Extracted records:
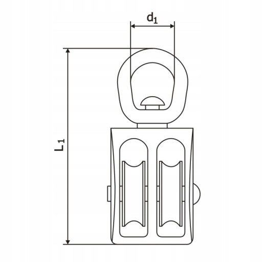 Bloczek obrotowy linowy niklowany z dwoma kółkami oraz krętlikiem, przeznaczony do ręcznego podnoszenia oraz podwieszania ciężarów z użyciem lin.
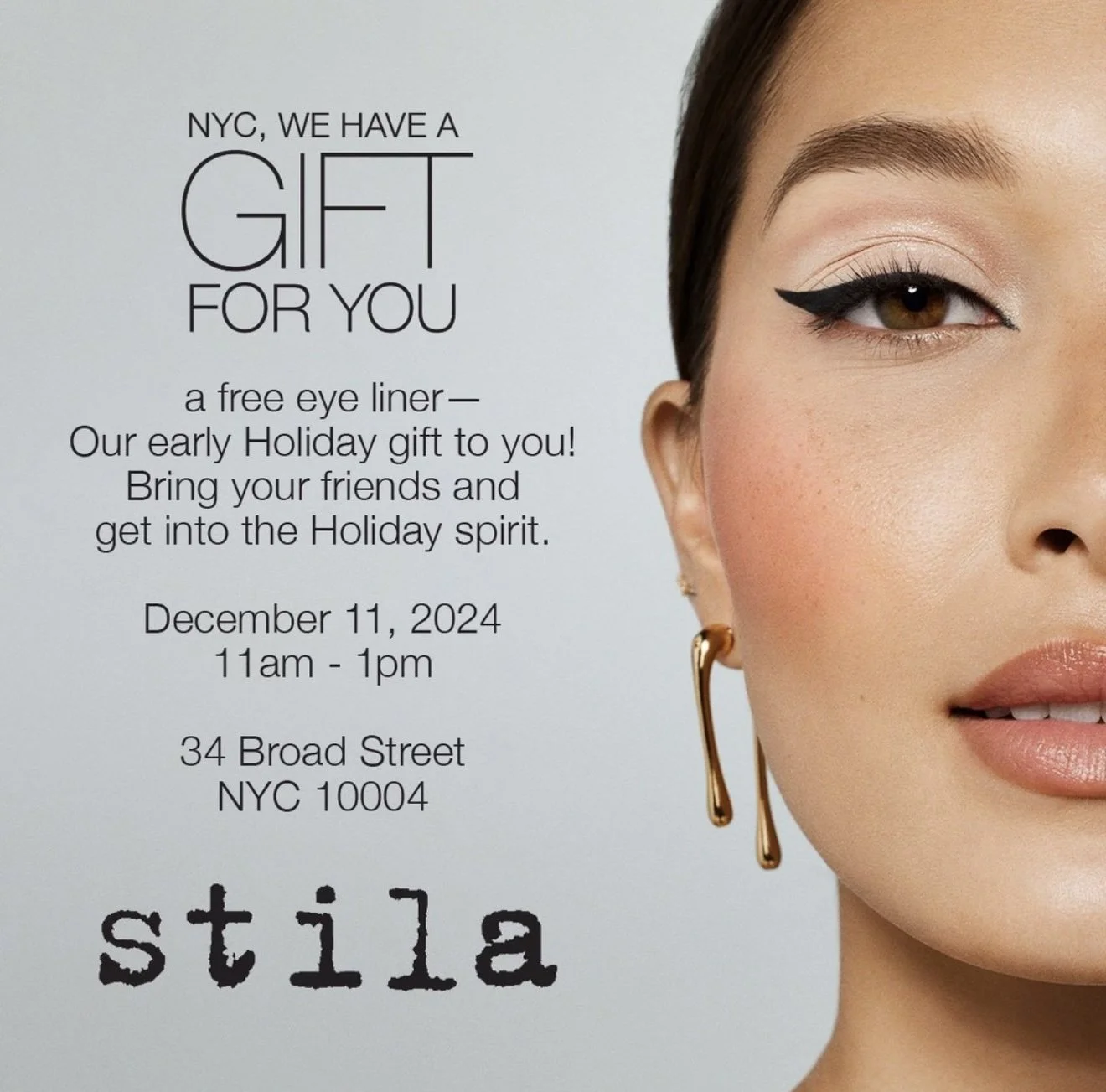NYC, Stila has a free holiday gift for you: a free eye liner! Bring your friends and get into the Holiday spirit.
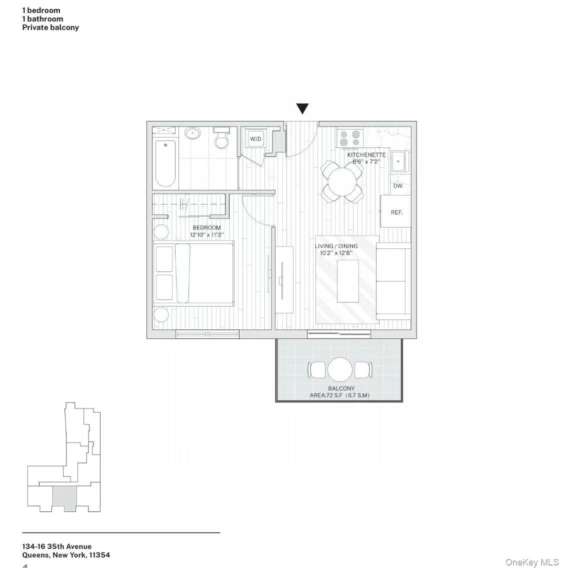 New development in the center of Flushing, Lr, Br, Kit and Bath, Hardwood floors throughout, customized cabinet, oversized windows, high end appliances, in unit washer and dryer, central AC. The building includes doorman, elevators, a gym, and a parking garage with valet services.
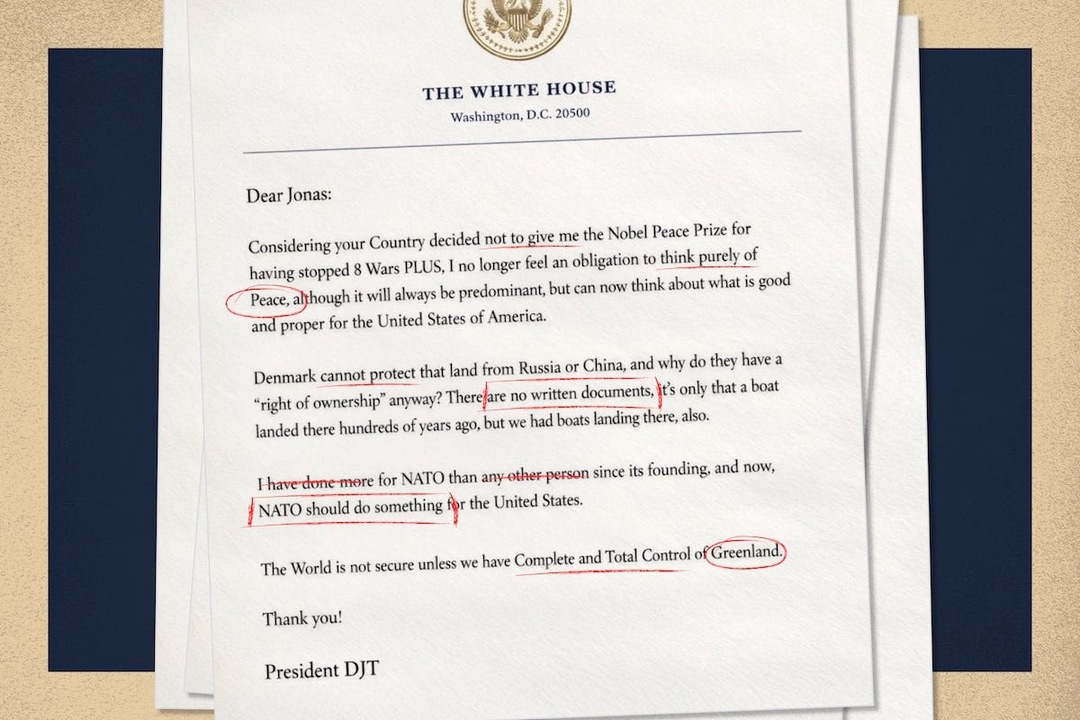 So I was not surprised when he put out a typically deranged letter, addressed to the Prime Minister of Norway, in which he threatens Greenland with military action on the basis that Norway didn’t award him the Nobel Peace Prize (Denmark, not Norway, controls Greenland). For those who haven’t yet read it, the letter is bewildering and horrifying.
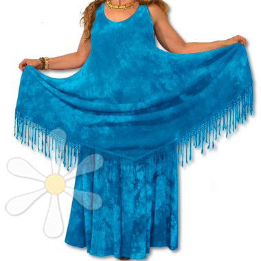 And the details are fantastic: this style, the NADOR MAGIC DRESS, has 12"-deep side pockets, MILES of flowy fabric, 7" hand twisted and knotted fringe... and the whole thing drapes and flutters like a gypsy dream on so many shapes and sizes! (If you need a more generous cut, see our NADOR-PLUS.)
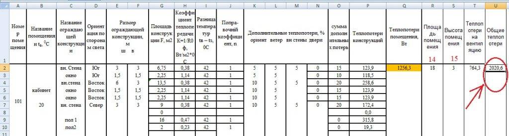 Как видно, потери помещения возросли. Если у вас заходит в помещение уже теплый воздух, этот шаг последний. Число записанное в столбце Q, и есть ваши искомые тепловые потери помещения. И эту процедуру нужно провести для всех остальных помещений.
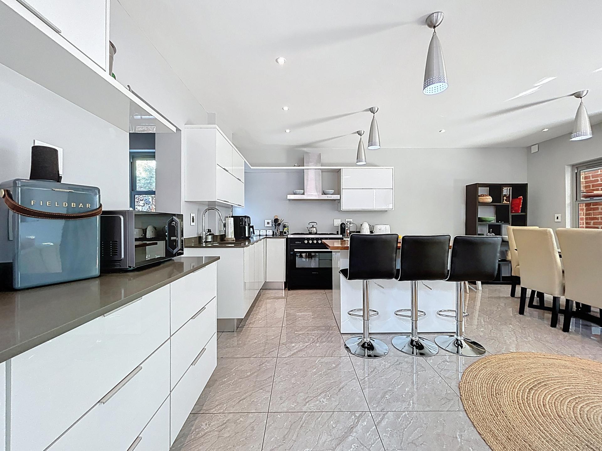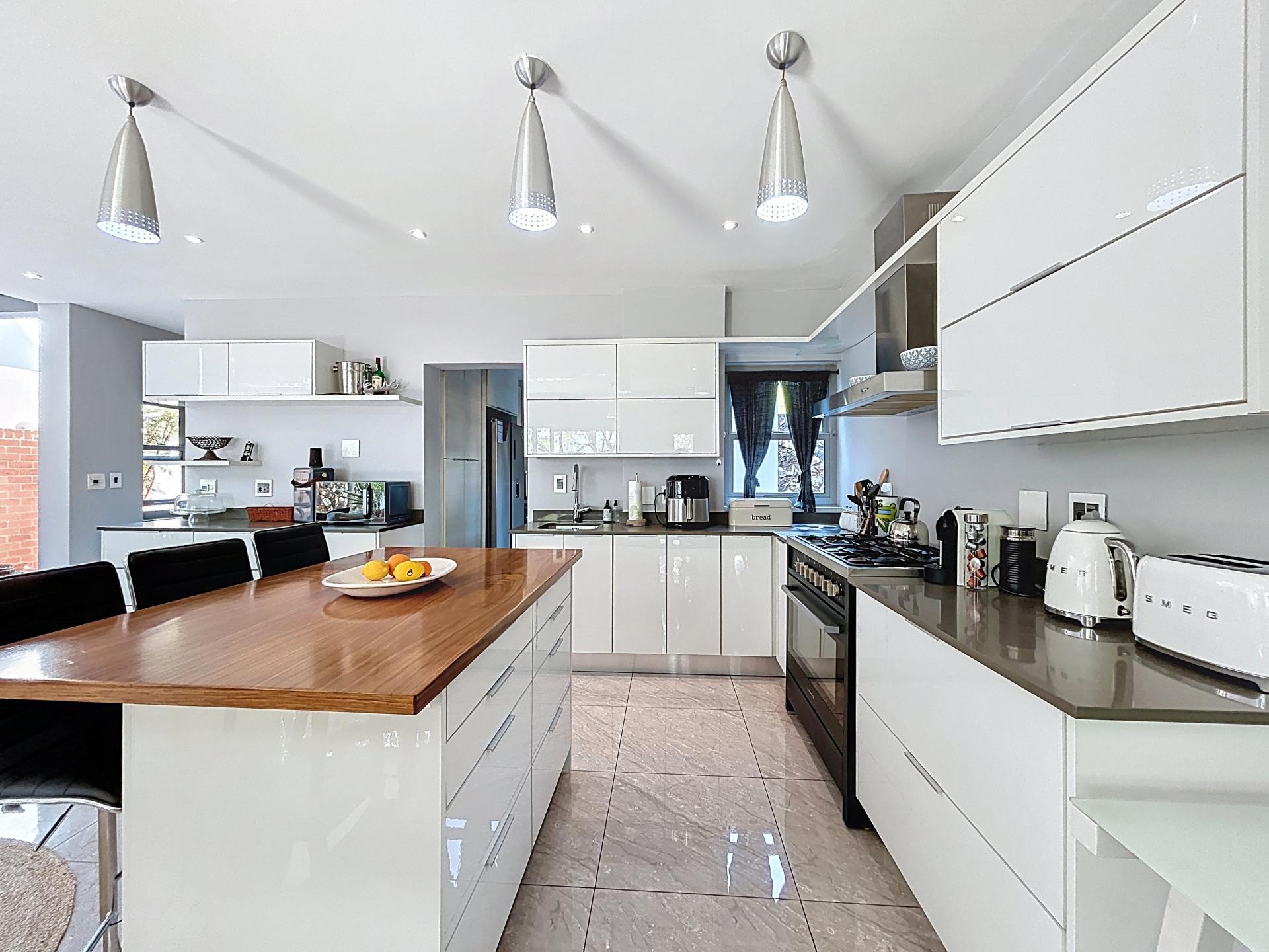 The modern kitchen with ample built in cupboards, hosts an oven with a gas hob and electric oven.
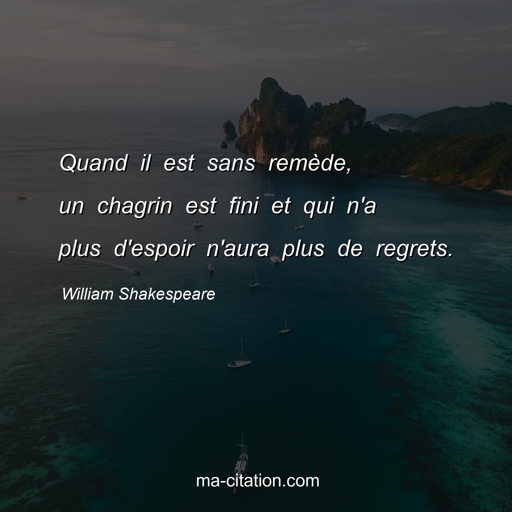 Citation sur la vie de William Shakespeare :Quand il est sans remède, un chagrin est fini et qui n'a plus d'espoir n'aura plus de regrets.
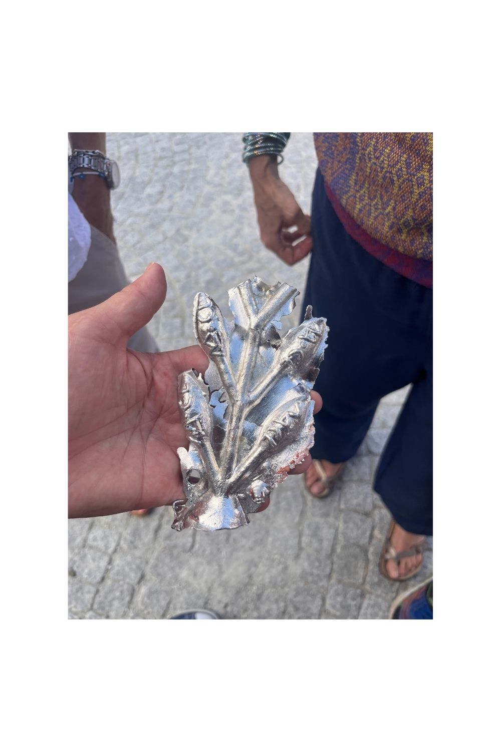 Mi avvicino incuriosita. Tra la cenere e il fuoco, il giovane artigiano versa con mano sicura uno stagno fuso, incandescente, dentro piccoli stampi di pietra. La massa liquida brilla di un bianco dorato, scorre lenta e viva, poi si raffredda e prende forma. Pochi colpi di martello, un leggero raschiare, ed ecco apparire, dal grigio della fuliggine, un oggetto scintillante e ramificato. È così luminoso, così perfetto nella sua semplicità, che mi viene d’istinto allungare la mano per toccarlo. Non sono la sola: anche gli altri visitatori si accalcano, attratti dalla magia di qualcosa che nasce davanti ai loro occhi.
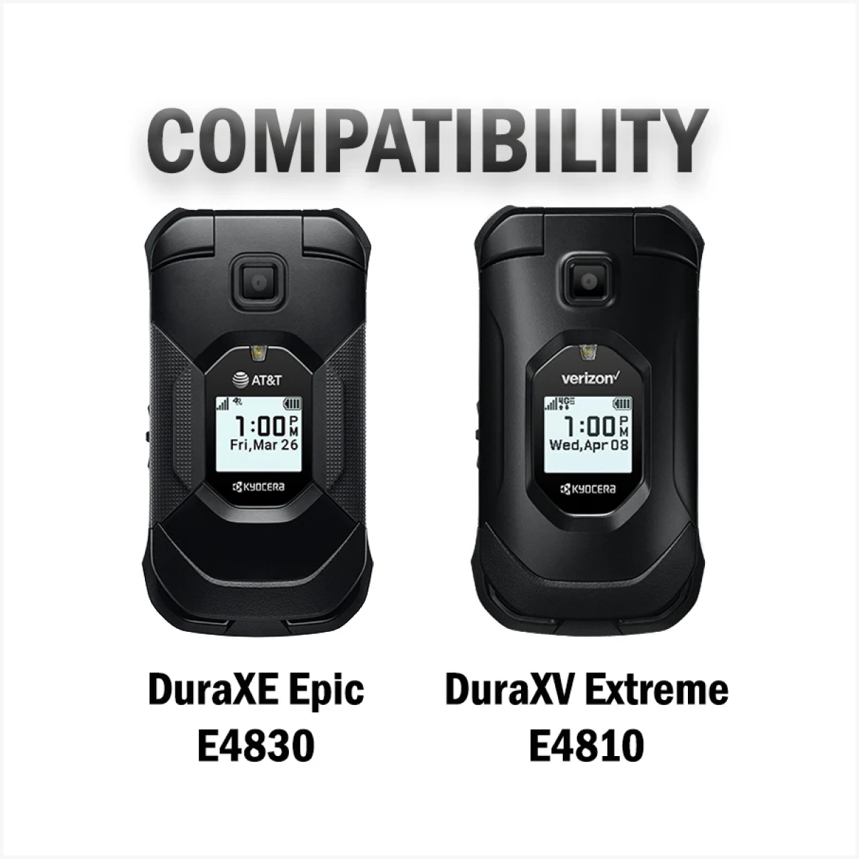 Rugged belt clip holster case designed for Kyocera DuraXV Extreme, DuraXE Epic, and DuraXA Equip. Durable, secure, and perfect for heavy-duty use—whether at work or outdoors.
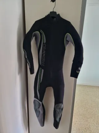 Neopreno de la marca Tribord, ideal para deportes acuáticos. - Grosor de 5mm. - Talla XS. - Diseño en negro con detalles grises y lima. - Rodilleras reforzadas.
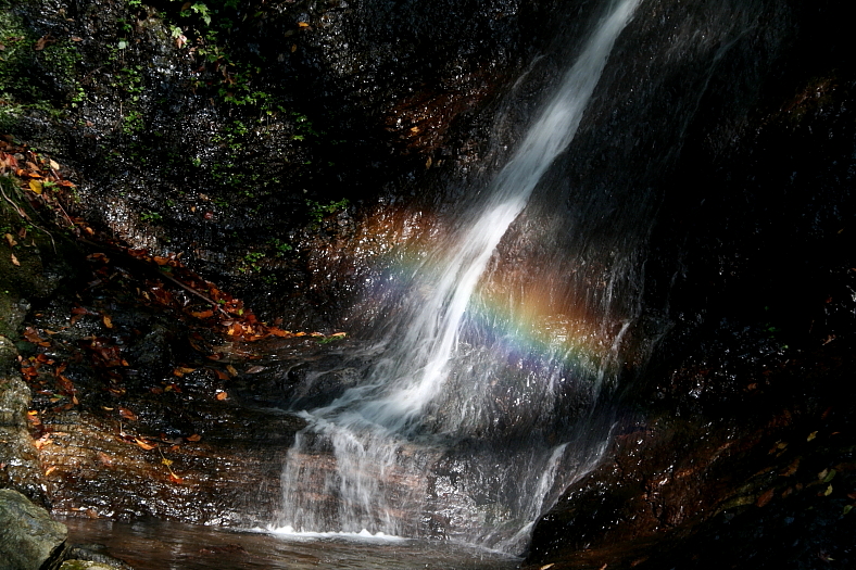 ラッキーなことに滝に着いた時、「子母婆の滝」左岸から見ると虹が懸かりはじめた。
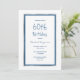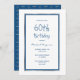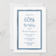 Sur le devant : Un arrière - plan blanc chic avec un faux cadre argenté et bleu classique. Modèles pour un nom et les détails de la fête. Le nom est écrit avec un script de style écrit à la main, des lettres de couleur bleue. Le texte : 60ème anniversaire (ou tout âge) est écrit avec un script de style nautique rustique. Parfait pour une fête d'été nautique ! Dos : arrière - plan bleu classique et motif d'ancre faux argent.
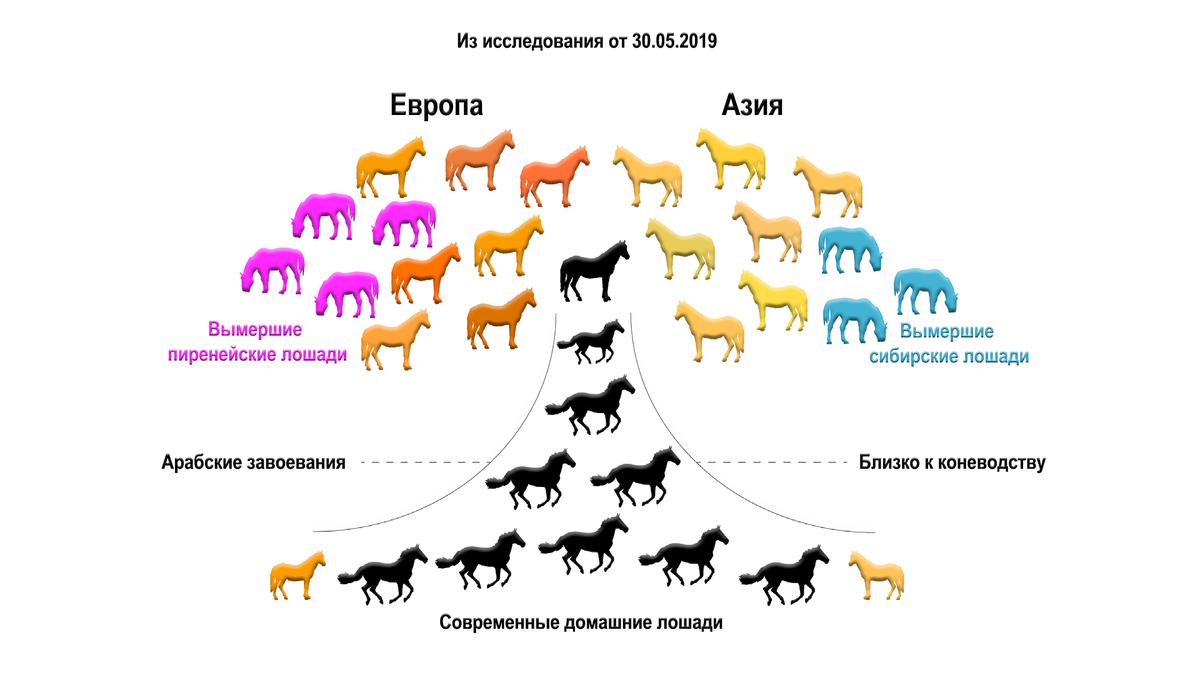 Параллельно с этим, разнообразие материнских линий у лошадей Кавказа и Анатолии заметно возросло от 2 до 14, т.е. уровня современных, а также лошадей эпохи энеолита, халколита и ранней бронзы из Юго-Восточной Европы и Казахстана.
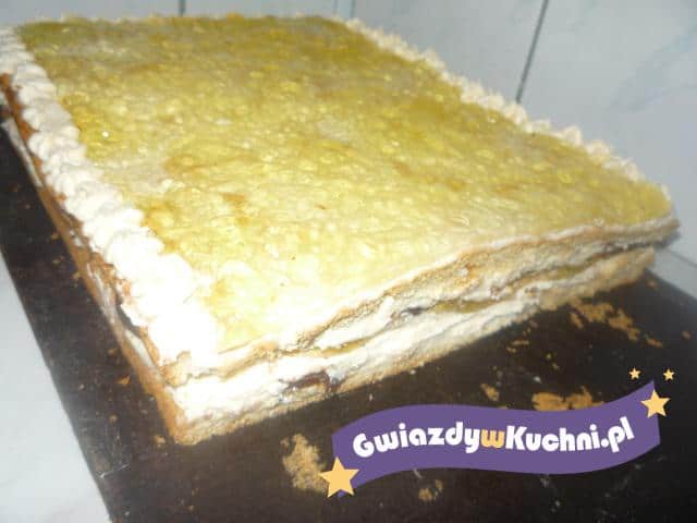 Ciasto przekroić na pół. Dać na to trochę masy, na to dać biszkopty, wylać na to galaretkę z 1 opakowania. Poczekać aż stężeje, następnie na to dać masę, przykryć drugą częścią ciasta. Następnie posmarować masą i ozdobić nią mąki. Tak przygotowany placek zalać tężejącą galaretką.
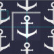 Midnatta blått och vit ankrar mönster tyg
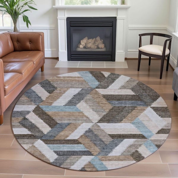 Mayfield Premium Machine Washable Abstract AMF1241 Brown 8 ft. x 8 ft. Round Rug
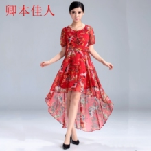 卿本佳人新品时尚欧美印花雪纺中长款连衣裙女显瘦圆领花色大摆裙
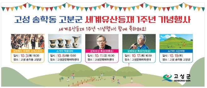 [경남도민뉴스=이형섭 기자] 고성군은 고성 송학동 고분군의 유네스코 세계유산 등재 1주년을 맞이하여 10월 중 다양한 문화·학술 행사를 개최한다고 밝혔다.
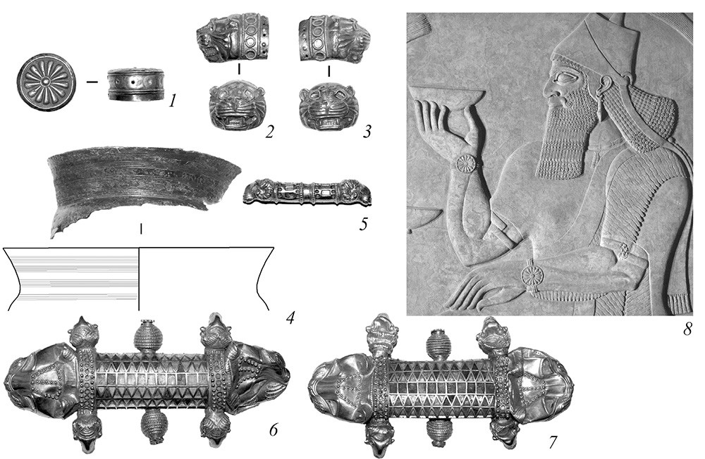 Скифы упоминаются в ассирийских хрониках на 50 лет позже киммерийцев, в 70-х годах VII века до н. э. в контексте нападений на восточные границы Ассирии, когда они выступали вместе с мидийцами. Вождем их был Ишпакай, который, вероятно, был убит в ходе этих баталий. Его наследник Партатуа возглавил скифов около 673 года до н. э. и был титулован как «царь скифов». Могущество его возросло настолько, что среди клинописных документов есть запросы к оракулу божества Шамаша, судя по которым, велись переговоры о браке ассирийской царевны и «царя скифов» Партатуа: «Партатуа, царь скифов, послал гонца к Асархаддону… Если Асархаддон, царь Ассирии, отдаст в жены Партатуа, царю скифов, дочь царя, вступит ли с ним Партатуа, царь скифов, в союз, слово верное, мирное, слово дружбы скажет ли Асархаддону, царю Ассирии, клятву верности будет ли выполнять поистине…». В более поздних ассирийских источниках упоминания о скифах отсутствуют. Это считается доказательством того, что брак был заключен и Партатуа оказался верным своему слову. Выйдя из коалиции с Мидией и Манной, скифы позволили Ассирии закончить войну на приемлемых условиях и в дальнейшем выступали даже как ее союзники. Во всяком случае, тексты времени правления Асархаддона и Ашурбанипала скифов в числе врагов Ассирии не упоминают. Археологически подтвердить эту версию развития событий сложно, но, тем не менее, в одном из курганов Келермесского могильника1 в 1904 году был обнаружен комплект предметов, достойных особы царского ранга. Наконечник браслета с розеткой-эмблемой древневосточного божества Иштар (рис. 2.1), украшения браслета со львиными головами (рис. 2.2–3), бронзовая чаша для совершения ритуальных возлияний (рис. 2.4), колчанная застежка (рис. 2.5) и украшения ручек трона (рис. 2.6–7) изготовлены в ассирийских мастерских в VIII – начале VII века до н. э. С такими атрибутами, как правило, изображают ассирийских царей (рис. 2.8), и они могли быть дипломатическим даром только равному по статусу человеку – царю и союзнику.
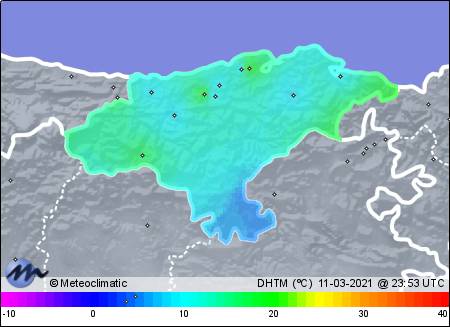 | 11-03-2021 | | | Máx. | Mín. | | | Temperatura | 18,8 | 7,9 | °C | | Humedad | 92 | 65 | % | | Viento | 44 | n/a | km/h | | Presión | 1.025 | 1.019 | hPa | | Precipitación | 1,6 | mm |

Exercise objective: Print the part of the listing above that opens with the line containing "Mi avvicino incuriosita." and closes with the line containing "Sur le devant". Copy it exactly, both ends included, and omit the pictures.

Solution below:
 Mi avvicino incuriosita. Tra la cenere e il fuoco, il giovane artigiano versa con mano sicura uno stagno fuso, incandescente, dentro piccoli stampi di pietra. La massa liquida brilla di un bianco dorato, scorre lenta e viva, poi si raffredda e prende forma. Pochi colpi di martello, un leggero raschiare, ed ecco apparire, dal grigio della fuliggine, un oggetto scintillante e ramificato. È così luminoso, così perfetto nella sua semplicità, che mi viene d’istinto allungare la mano per toccarlo. Non sono la sola: anche gli altri visitatori si accalcano, attratti dalla magia di qualcosa che nasce davanti ai loro occhi.
 Rugged belt clip holster case designed for Kyocera DuraXV Extreme, DuraXE Epic, and DuraXA Equip. Durable, secure, and perfect for heavy-duty use—whether at work or outdoors.
 Neopreno de la marca Tribord, ideal para deportes acuáticos. - Grosor de 5mm. - Talla XS. - Diseño en negro con detalles grises y lima. - Rodilleras reforzadas.
 ラッキーなことに滝に着いた時、「子母婆の滝」左岸から見ると虹が懸かりはじめた。
 Sur le devant : Un arrière - plan blanc chic avec un faux cadre argenté et bleu classique. Modèles pour un nom et les détails de la fête. Le nom est écrit avec un script de style écrit à la main, des lettres de couleur bleue. Le texte : 60ème anniversaire (ou tout âge) est écrit avec un script de style nautique rustique. Parfait pour une fête d'été nautique ! Dos : arrière - plan bleu classique et motif d'ancre faux argent.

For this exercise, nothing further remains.